A Day of Judgement (Severin) A curious 1981 Christian horror film from the Earl Owensby Studios in North Carolina directed by Charles Reynolds, who also plays a preacher in the film. Set in a small town in the 1930s, one night the grim reaper (complete with large scythe) comes to wreak vengeance on those sinners willfully breaking commandments. A vicious old woman who poisons a goat she imagines has disturbed her precious flowerbed; an adulterous couple; a son who tricks his parents into signing over the business to him; a hateful banker attempting to run a farmer off his land; a drunk who imagines his wife is fooling around with his old friend (now turned mortal enemy). They all get their comeuppance in imaginative ways in this oddball film that went straight-to-video. Author Stephen Thrower, whose terrific book Nightmare USA covers rural American horror films, does an enlightening extra about this rare film’s genesis and checkered history.

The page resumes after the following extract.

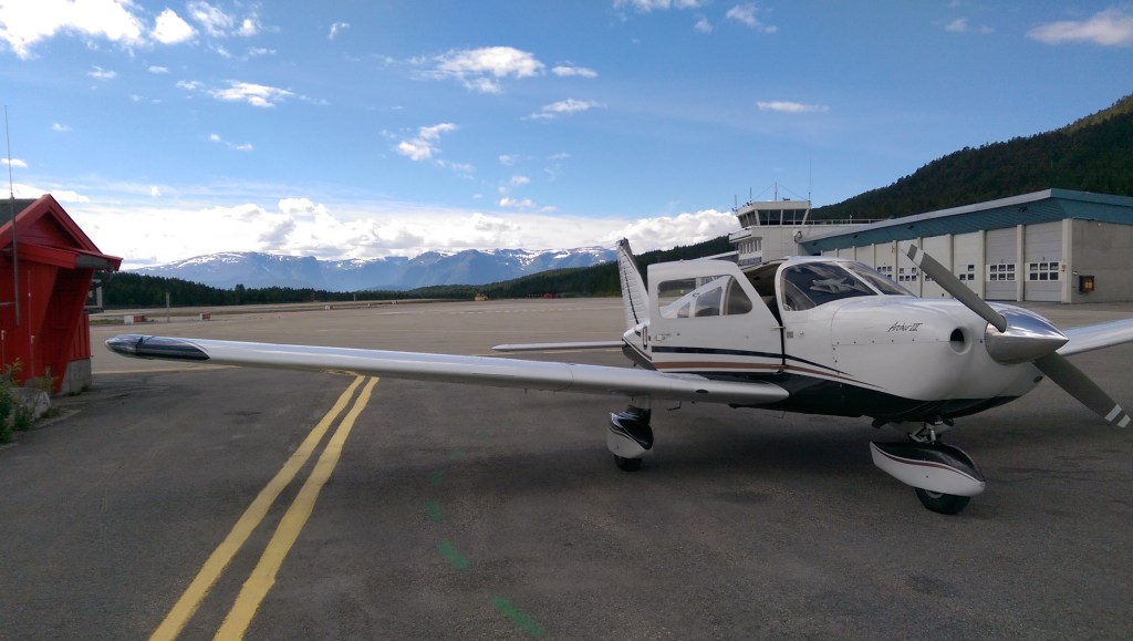 -Da vi ankom Flesland neste dag med bussen, slet vi med å finne porten inn til GA-området. Men en flyger fra Bergen Aero Klubb kjente oss igjen fra ankomsten og slapp oss inn. En ny utfordring var mangel på papir i fuel-anlegget; vi trengte kvittering.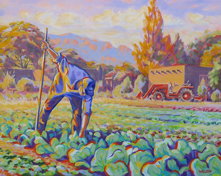 Among my frequent subjects are the farmers of Corrales and Albuquerque’s North Valley. I am interested in the gardener at work, the figure as a part of the landscape, humankind in harmony with nature. As an ardent naturalist and birder, I have traveled to wild habitats around the world, recording my observations in watercolor studies.

The Amazing Mr. X (Film Detective) A wonderfully atmospheric 1946 thriller thanks to the great cinematography by John Alton. A wealthy widow- Christine (Lynn Bari) keeps hearing her dead husband’s voice on the beach at night. She contacts a phony spiritualist Alexis (Turhan Bey) for comfort and guidance. Virginia Gregg plays Christine’s maid who Alexis has placed in her home for inside information. But even the spiritualist discovers there is an even deadlier plot going on against Christine. One of those oddball gems you love to show to friends who have never heard of it, unfortunately because it was a “Public Domain” title one had to suffer through abominable blurry videos and DVDs. This is a 4K transfer from original 35mm elements, and comes with an original documentary: Mysteries Exposed: Inside the Cinematic World of Spiritualism.
Frankenstein’s Daughter (Film Detective) Director Richard Cunha’s deliriously deranged 1958 film opens with bad girl and tease Suzie (Sally Todd), being dropped off by her blue balls boyfriend (Harold Lloyd Jr.). As he drives off she suddenly sees a young woman running down the sidewalk in a nightgown with hideous fangs and fuzzy eyebrows. The unfortunate “monster” is actually sweet, wholesome Trudy (Sandra Knight), who nightly is unwittingly slipped a drug concoction created by mad scientist Oliver Frank (Donald Murphy). Oliver works as an apprentice to Trudy’s Grandfather (Felix Locher) but is really Oliver Frankenstein, a relative to the infamous monster-maker and he is secretly using the lab to help cobble together a female creature from stitched-together body parts collected by the gardener- Elsu (Wolfe Barzell). His final creation is this hilarious giant-headed disfigured creature played by Wallace Beery’s understudy- Harry Wilson– who dubbed himself “The Ugliest Man in Pictures.” Late in the film Trudy hosts a rock and roll barbecue with boyfriend Johnny (John Ashley) around her pool and Harold Lloyd Jr. joins the band to croak out two lackluster tunes “Special Date” and “Fly Away Tonight,” music no teenager in their right mind would ever listen to again.